Linux Bash – Recursively Delete All Empty Files and Directories

bashlinuxshell

How can I recursively cleanup all empty files and directories in a parent directory?

Let’s say I have this directory structure:

Parent/
  |____Child1/
        |______ file11.txt (empty)
        |______ Dir1/ (empty)

  |____Child2/
        |_______ file21.txt
        |_______ file22.txt (empty)

  |____ file1.txt

I should end up with this:

Parent/
  |____Child2/
        |_______ file21.txt

  |____ file1.txt

Best Answer

This is a really simple one liner:

find Parent -empty -delete

It's fairly self explanatory. Although when I checked I was surprised that it successfully deletes Parent/Child1. Usually you would expect it to process the parent before the child unless you specify -depth.

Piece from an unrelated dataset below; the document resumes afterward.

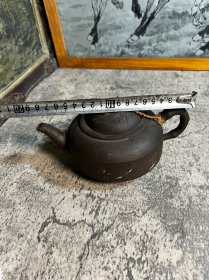 老紫砂壶 1把,周俊,江苏宜兴 ,工艺美术师,挺干净的。中国工艺美术协会会员。自己98年创办“荣宝壶轩”以来,其作品深受国内外壶艺鉴赏家的好评及收藏。 1师从岳母 蒋蓉大师,作品曾多次获奖,得到国内外许多收藏家的青睐。 没有盖子。茶壶,茶壶。石人刻,直径9厘米高5厘米左右。里面挺干净的。壶口外直径最大6厘米,壶口内直径5.1厘米左右。雕刻竹子图案。雕刻字 高山 长 啥啥。容量200毫升左右

This works because -delete implies -depth. See the GNU find manual:

-delete Delete files; true if removal succeeded. If the removal failed, an error message is issued. If -delete fails, find's exit status will be nonzero (when it eventually exits). Use of -delete automatically turns on the -depth option.


Note these features are not part of the Posix Standard, but most likely will be there under many Linux Distribution. You may have a specific problem with smaller ones such as Alpine Linux as they are based on Busybox which doesn't support -empty.

Other systems that do include non-standard -empty and -delete include BSD and OSX but apparently not AIX.